Politics, remember, is the art of the possible. Since the Journal Sentinel, according to Kooyenga, got the definition of GAAP balance wrong, it’s hard to say that PolitiFact’s criticism of Kooyenga is correct. (If Kooyenga is to be believed, GAAP surpluses or deficits are the result of the accumulation of spending decisions. Given that the state had GAAP deficits every year in the 2000s, that makes logical sense.) It seems excessively picky to claim that the 2011–13 or 2013–15 state budgets aren’t GAAP-balanced when they clearly were more fiscally sound (as in no fund raids and a positive balance at the end of the budget cycle) than what Walker’s and Kooyenga’s predecessors enacted.

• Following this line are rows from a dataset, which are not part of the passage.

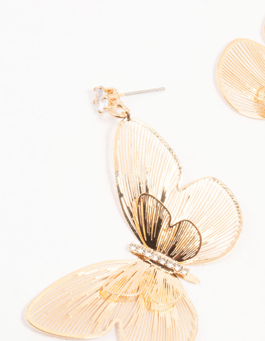 Transform your look into pure enchantment with these dazzling earrings. Featuring a whimsical Lazercut butterfly design and a sprinkle of sparkle with glittering diamante crystals, they're perfect for creating fluttery, fabulous style.
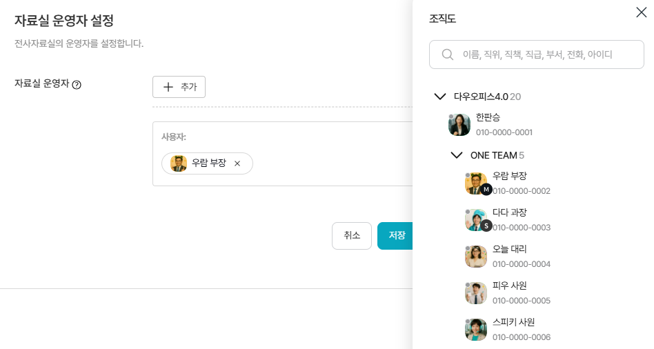 [+추가] 버튼을 클릭하여 전사 자료실을 운영할 수 있는 운영자를 지정할 수 있습니다.
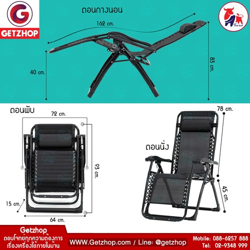 ขนาดเก้าอี้ (นอน) 170 องศา : กว้าง xยาว xสูง : 72x162x83cm.(ความสูงถึงที่เท้าแขน)
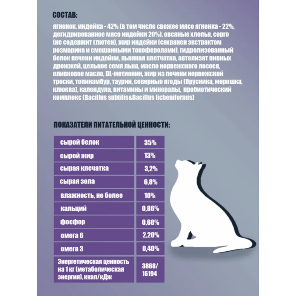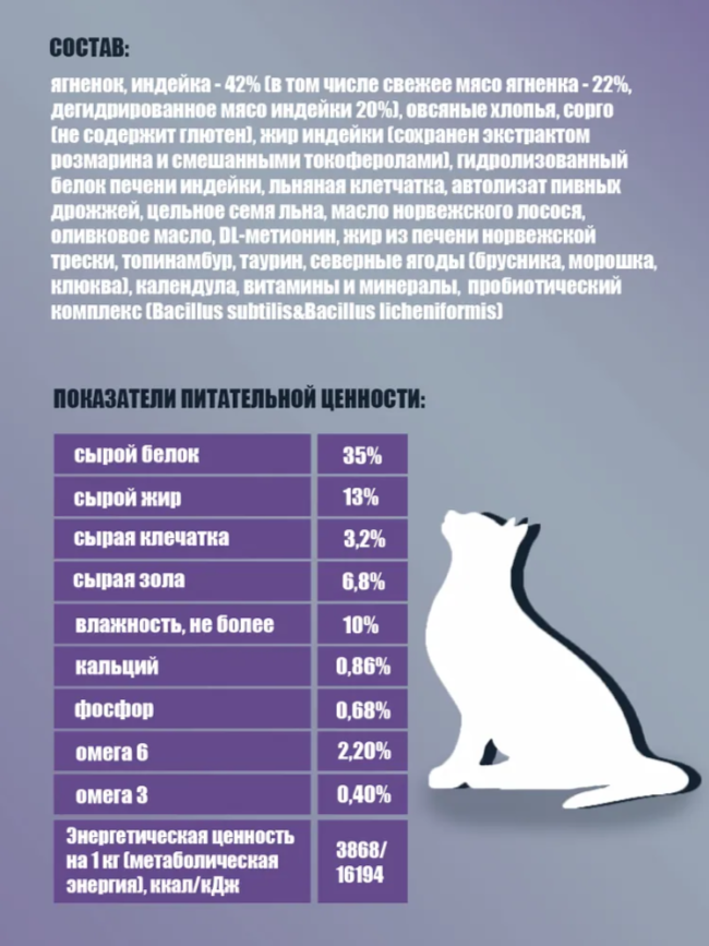 Основной ингредиент – гипоаллергенное мясо высшего качества (ягненок, индейка)

Meanwhile, Kooyenga tried to get a constitutional amendment introduced to require GAAP-balanced budgets. It didn’t pass.
There is a simple way to eliminate this confusion, though I bet the Journal Sentinel editorial page doesn’t support it. That is to change state law (and, even better, put it in the state Constitution) to require GAAP-balanced state budgets. To balance the books of an institution that spends tens of billions of dollars every year on a cash basis is just plain nuts. Requiring GAAP-balanced budgets would prevent future Republican governors from creating structural deficits (as Thompson did), prevent future Democratic governors from illegally raiding specific-purpose funds to cash-balance the budget (as Doyle did), and prevent legislatures controlled by either party from spending more money than we’re projected to have, however that’s measured.
The better question for PolitiFact to ask is if state finances have improved in the past two budgets, as measured in the usual ways: did the state end the year in the black or in the red, and how — revenues exceeding spending, or such accounting tricks as fund raids. I doubt more than 1 percent of voters who are not accountants or business owners understand what GAAP accounting is. I think far more voters intuitively understand what good government finance is, and isn’t.